Запел Вяйнемёйнен радостные песни, а в них — смех женщинам, веселье мужам и мудрая наука тем, кто слышит. Дивные дела творил он своими рунами — темный лес становился пшеничным полем, горы делались пирогами, валуны становились яйцами. Было у Вяйнемёйнена песен больше, чем у скал каменьев, больше, чем цветов на летней поляне, — никакого пира на них не хватит. Оборвав песню, так сказал вещий старец:
— Не я песней море обратил в мед, не я из песка сделал горох, а из морских камней — соль! Укко дал мне эти силы! Сделай же так, владыка, чтобы все здесь жили сладко, чтобы текло рекою пиво, чтобы не иссякали песни, пока живы в доме люди, чтобы все нашли удачу: хозяева — в амбаре, сыновья — в тенетах, дочки — за станком, и пусть никто не пожалеет, что пришел на этот пир в далекую Похьолу.
22. Красавицу Похьолы отправляют в дом мужа
Отыграла свадьба, отгулял веселый пир в суровой земле Сариолы, и встал из-за нарядного стола Ильмаринен, чтобы отправиться с молодой женой в отчий дом. Уже вывел он во двор сани и запряг жеребца — да не готова еще красавица Похьолы: не собралась в дорогу, не простилась с ней мать и подружки.
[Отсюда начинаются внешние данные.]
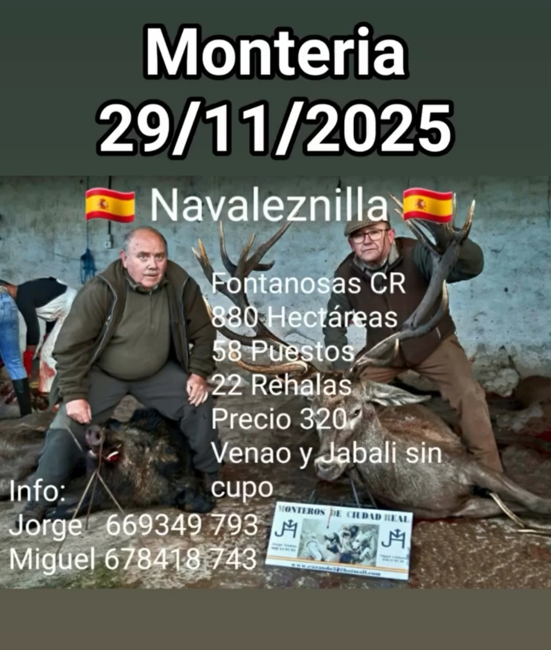 El día 29 de noviembre, MONTEROS DE CIUDAD REAL cazará en Fontanosas, Ciudad Real, la finca NAVALEZNILLA, mancha lindera a Cerros de la Casa que ya os adelantamos va a ser un MONTERIÓN de muchos lances y agradables sorpresas.

— Ждал ты долго, — сказала кузнецу старуха Лоухи, — так подожди еще немного: не все заплетены у невесты косы, не обула она еще сапожки, не приготовили ей вместо девичьего убора женский платок.
Уже кусал конь поводья, а подружки завели только по невесте плач. Вторила им и хозяйка Похьолы: мол, пожалеет еще дочь о сделке, много слез прольет, что бросила отца с матерью и родной дом, где росла, как нежный цветок, как ягода на поляне, — проснувшись, молоко пила, шла с постели к пшеничному хлебу, маслу и свинине, никаких не ведала забот, знай себе порхала веселой бабочкой! Так ли будет в чужом доме у свекра со свекровью? Там и рожки поют иначе, и петли скрипят по-другому, там и калитку так не отворить, чтобы свекрови понравилось, и печь так не растопить, чтобы похвалил свекр!
Тяжело вздохнула бедная невеста, смахнула слезу с глаза — сковали эти речи ее сердце печалью.
— Думала я, что больше будет мне почета, как ступлю на порог мужа, — сказала горько красавица Похьолы. — Ждала я свадьбы, как ждут лета, и вот уже одной ногою я в санях мужа, а только тяжко мне на сердце — без радости иду я из родного дома, точно отдаюсь в объятия осени, точно схожу на тонкий весенний лед. У других невест думы легки, как летний рассвет, а мои мысли — словно тьма осенней ночи!
Видя печаль красотки, еще пуще заголосили подружки, и — на смену Лоухи — старая служанка, что всегда жила при доме, стала язвить невесте сердце:
— Говорила я тебе, что негоже любоваться женихом, в глаза его глядеть и устам его верить — пусть глаза его красивы и уста приятны, да притаился в них лютый Лемпо! Спешишь ты в жениховы сани, а попадешь к медведю в лапы — увезут тебя те сани в вечное рабство к свекру и свекрови. Идешь ты туда, где уже куплены поводья и готовы для тебя цепи. Горько тебе придется у мужа: колки, как рыбьи кости, слова свекра, каменный язык у свекрови, холодны речи деверя и горда спина золовки — вместо чистых простыней будет тебе закопченный очаг, а вместо родниковой воды подадут тебе болотную жижу!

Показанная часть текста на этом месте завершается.